_DATASET CONTENT_
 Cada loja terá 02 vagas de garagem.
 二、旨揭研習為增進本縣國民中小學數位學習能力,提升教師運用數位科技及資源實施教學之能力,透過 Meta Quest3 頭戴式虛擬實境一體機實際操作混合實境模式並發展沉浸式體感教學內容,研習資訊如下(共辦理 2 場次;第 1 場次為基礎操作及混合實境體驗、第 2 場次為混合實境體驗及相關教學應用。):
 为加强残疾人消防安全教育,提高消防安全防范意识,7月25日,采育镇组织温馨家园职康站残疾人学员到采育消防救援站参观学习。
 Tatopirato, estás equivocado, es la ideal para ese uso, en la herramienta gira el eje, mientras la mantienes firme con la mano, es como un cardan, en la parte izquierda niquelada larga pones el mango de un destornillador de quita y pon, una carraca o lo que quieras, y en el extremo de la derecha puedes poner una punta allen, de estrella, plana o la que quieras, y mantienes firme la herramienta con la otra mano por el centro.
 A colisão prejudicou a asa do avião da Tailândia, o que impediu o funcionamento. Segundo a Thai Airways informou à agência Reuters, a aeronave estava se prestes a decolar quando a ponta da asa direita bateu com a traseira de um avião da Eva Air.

* * *

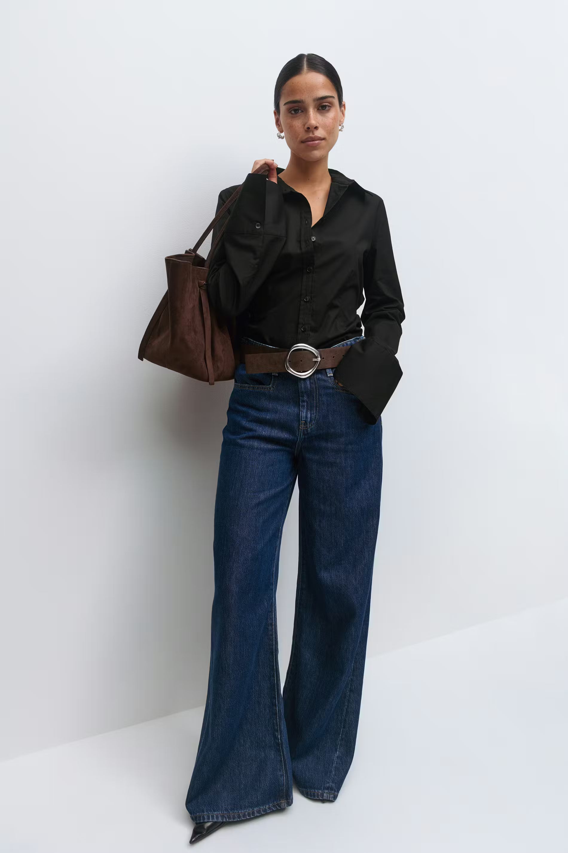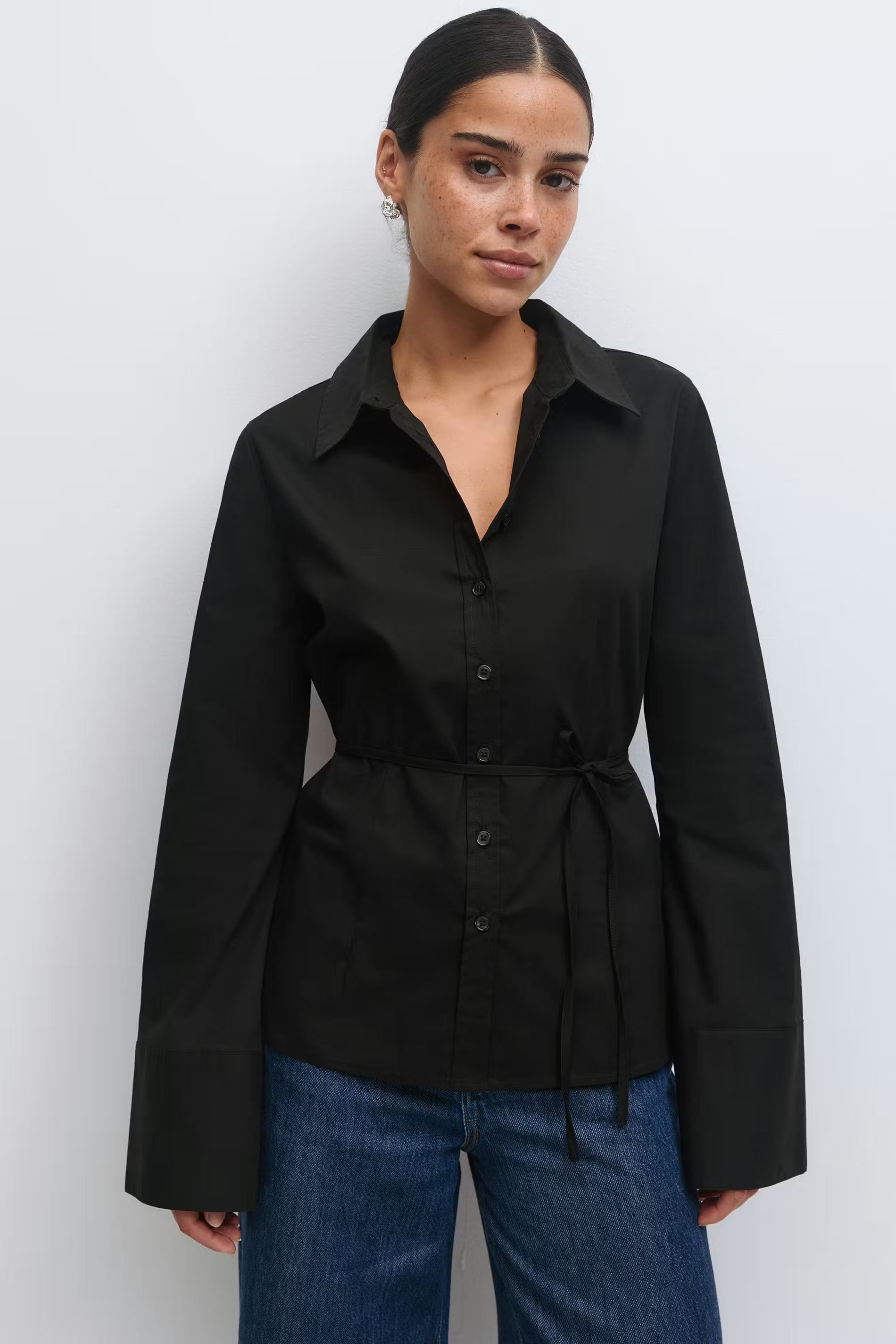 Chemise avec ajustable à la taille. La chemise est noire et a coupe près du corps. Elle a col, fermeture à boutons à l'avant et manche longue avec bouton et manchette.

_EXERCISE_
From the records above, print exactly the lines that run from the line with "二、旨揭研習為增進本縣國民中小學數位學習能力,提升教師運用數位科技及資源實施教學之能力,透過 Meta Quest3" to the line with "A colisão prejudicou", inclusive.

_EXERCISE OUTPUT_
 二、旨揭研習為增進本縣國民中小學數位學習能力,提升教師運用數位科技及資源實施教學之能力,透過 Meta Quest3 頭戴式虛擬實境一體機實際操作混合實境模式並發展沉浸式體感教學內容,研習資訊如下(共辦理 2 場次;第 1 場次為基礎操作及混合實境體驗、第 2 場次為混合實境體驗及相關教學應用。):
 为加强残疾人消防安全教育,提高消防安全防范意识,7月25日,采育镇组织温馨家园职康站残疾人学员到采育消防救援站参观学习。
 Tatopirato, estás equivocado, es la ideal para ese uso, en la herramienta gira el eje, mientras la mantienes firme con la mano, es como un cardan, en la parte izquierda niquelada larga pones el mango de un destornillador de quita y pon, una carraca o lo que quieras, y en el extremo de la derecha puedes poner una punta allen, de estrella, plana o la que quieras, y mantienes firme la herramienta con la otra mano por el centro.
 A colisão prejudicou a asa do avião da Tailândia, o que impediu o funcionamento. Segundo a Thai Airways informou à agência Reuters, a aeronave estava se prestes a decolar quando a ponta da asa direita bateu com a traseira de um avião da Eva Air.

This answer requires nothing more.